Les arbres du voisin

ACTU – PRATIKO – PRATIQUE  Droit civil – Voisinage

Entre voisins se posent fréquemment des problèmes de distance des plantations.

L’article 35 du Code rural dispose que :

« Il n’est permis de planter des arbres de haute tige qu’à la distance consacrée par les usages constants et reconnus ; et, à défaut d’usages, qu’à la distance de deux mètres de la ligne séparative des deux héritages pour les arbres à haute tige, et à la distance d’un demi-mètre pour les autres arbres et haies vives.

Les arbres fruitiers de toute espèce peuvent être plantés en espaliers de chaque côté du mur séparatif de deux propriétés, sans que l’on soit tenu d’observer aucune distance.

Si ce mur n’est pas mitoyen, son propriétaire a seul le droit d’y appuyer ses espaliers. »

La distance à respecter dépendra donc de la nature de l’arbre.

Si l’on ne peut faire valoir un usage reconnu, la distance à respecter sera donc :

  • Deux mètres pour les arbres de haute tige,
  • Cinquante centimètres pour tous les autres arbres.

La question de la nature de l’arbre (hautes ou basses tiges) est une question de fait laissée à l’appréciation du Juge de Paix.

A titre d’exemple, ont parfois été considérés par la jurisprudence comme des arbres de haute tige :

  • Les arbres visés à l’article 154 du Code forestier, à savoir : chêne, châtaignier, mélèze, acacia, hêtre, charme, érable, platane, autres résineux (tilleul, peuplier et bouleaux) et arbres fruitiers (aune, saune, pommier, poirier) ;
  • Le sorbe et le noyer,
  • Le coudrier et le lila,
  • Les conifères, etc.

Il apparaît que les éléments d’appréciation retenus soient :

  • Le développement de l’arbre au moment de l’introduction de la cause,
  • Le développement normal que l’on peut attendre au stade de l’arbre mûr,
  • Les propriétés gênantes de l’arbre, en particulier la hauteur, l’évolution de la couronne et des racines.

La distance entre la ligne séparative et l’arbre se mesure du centre du tronc jusqu’à la ligne séparative, la ligne séparative étant évidemment celle qui sépare deux propriétés.

L’usage en question dans l’article 35 du Code rural est un usage généralement consacré et reconnu, appliqué régulièrement et effectivement.

Il doit donc être stable, de longue durée, uniforme et public.

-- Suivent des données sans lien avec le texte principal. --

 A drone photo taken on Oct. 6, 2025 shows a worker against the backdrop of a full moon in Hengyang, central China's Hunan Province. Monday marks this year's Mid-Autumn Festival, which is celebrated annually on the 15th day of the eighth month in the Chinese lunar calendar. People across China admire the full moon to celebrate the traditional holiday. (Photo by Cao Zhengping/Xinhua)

C’est, au final, le juge qui apprécie l’existence et l’exactitude d’un usage dont se prévaut un justiciable.

Il conviendra donc de se renseigner auprès des autorités communales, voire du greffe de la Justice de Paix territorialement compétente afin de vérifier s’il existe un usage constant et reconnu applicable au lieu où sont situés les propriétés concernées.

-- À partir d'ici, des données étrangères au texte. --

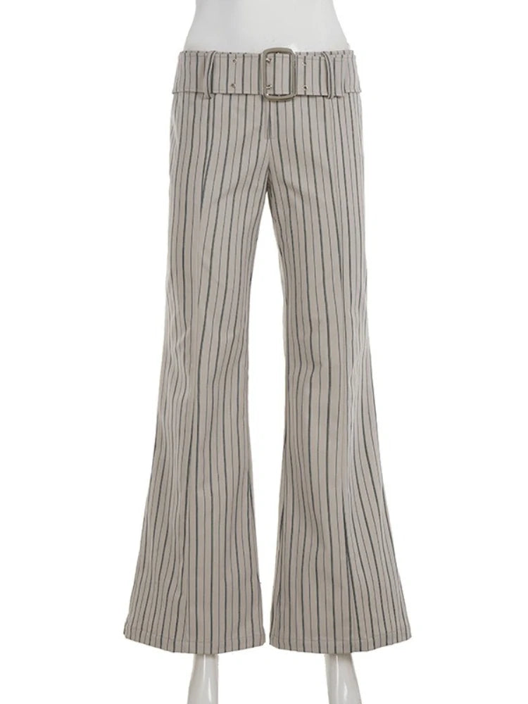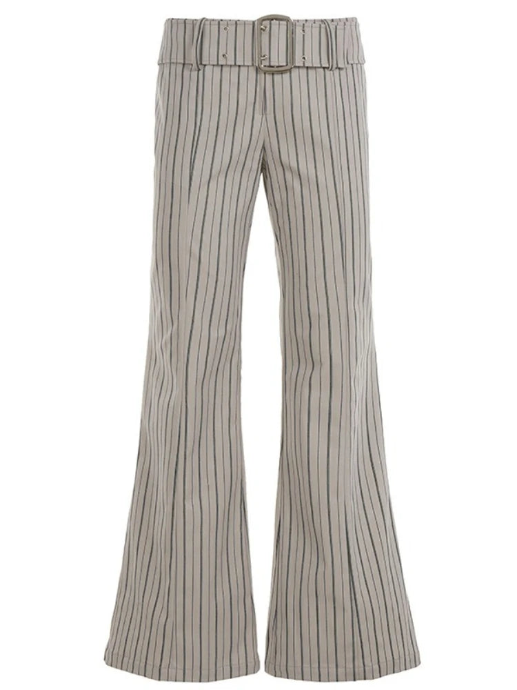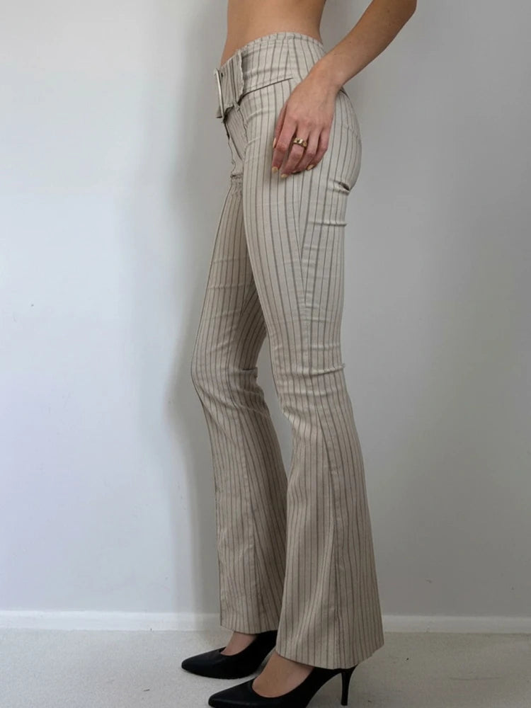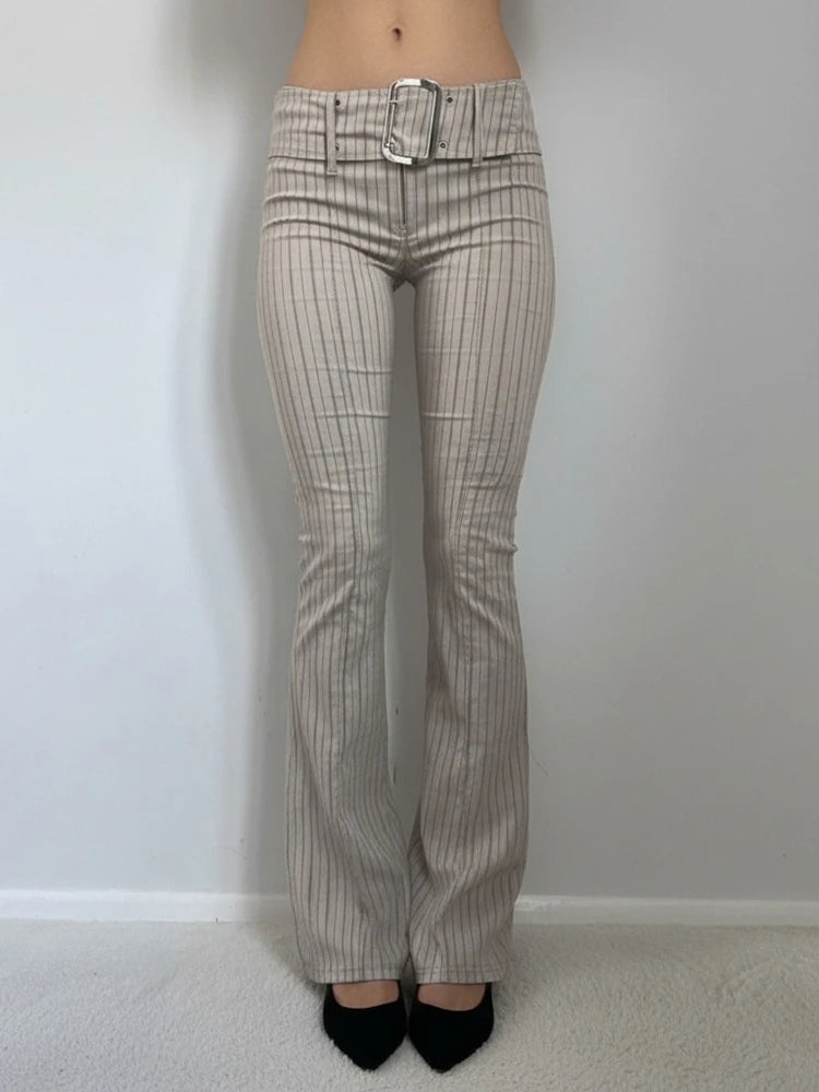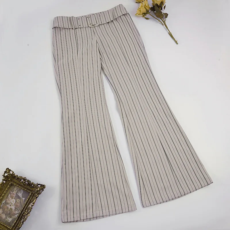 Purpdrank Fashion Women's Striped Long Pants Metal Buckle Belt with Zipper Up Slim Fit Casual Female Trousers for Work Office Wear

Le non-respect de la distance de plantation est passible de la sanction prévue à l’article 36 du Code rural :

« Le voisin peut exiger que les arbres, haies, arbrisseaux et arbustes plantés à une distance moindre que la distance légale soient arrachés. »

L’action en arrachage trouve donc son fondement dans la loi et peut, dès lors, être introduite par le voisin sans que celui-ci doive fournir la preuve de quelque intérêt particulier ou de quelque dégât subi.

En d’autres termes, l’action n’est pas subordonnée à la démonstration d’un préjudice ou d’un trouble de voisinage.

Enfin, l’article 37 du Code rural énonce que :

« Celui sur la propriété duquel avancent les branches des arbres du voisin peut contraindre celui-ci à couper ces branches.

Les fruits tombés naturellement sur la propriété du voisin lui appartiennent.

Si ce sont les racines qui avancent sur son héritage, il a le droit de les y couper lui-même.

Le droit de couper les racines ou de faire couper les branches est imprescriptible. ».

Dès lors, si un arbre forme ses racines sur le terrain d’un voisin ou y avance ses branches, ce voisin peut :

  • couper lui-même les racines qui avancent sur son terrain,
  • obliger le propriétaire des arbres à couper les branches qui surplombent sa propriété.